Advanced MediaOptions:

pdf_mode Behavior
"auto" Text layer → text extraction; otherwise rasterize (default)
"native" Send raw PDF binary to the model
"raster" Convert every page to JPEG/PNG

Vertex AI support

Use vertex: prefix with any Gemini model to route through Vertex AI:

result = extract(
    "Dr. Sarah Chen is a principal ML engineer at Anthropic.",
    Person,
    model="vertex:gemini-2.5-flash",
    provider_kwargs={"project_id": "my-project", "region": "us-central1"},
)

Credentials are resolved automatically from environment variables (VERTEX_PROJECT_ID, VERTEX_REGION, GOOGLE_APPLICATION_CREDENTIALS) or from gcloud auth application-default login.

Native structured output

When the model supports it (Gemini, OpenAI, etc.), parsantic can use the provider's native JSON schema constraints instead of prompt-based extraction.

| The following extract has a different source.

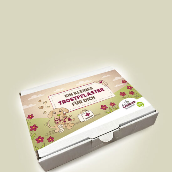 Die Leckerli-Box „Ich denke an dich“ ist gefüllt mit unseren Rinder-Fitis und mit unseren Kaninchen-Stangen. Zudem beinhaltet sie eine Keksdieb-Postkarte und eine Verschluss-Klammer für unsere Leckerli-Tütchen.

This is enabled by default ("auto") and falls back to prompt mode transparently:

result = extract(
    text,
    MySchema,
    model="gemini:gemini-3.1-flash-lite-preview",
    options=ExtractOptions(structured_output="native"),  # or "auto" (default)
)
structured_output Behavior
"auto" Use native mode if the model supports it, otherwise prompt (default)
"native" Force native JSON schema constraints
"prompt" Always use prompt-based extraction

If native mode fails validation, parsantic automatically recovers the raw JSON from the response and runs it through the local repair pipeline.

Candidate scoring

When the input is ambiguous, parsantic generates multiple candidate interpretations and picks the one requiring the fewest transformations:

from parsantic import parse_debug

debug = parse_debug('{"title": "Review PR", "priority": "Critical", "days_left": 1}', Task)
for c in debug.candidates:
    print(f"  score={c.score}  flags={c.flags}")
# score=-1  flags=()                    ← direct JSON parse (failed validation)
# score=3   flags=('case_insensitive',) ← coerced "Critical" → Priority.CRITICAL
print(debug.value)
# Task(title='Review PR', priority=<Priority.CRITICAL: 'critical'>, days_left=0, done=False)

Every coercion is tagged with a flag and a cost. You can inspect exactly what happened and why.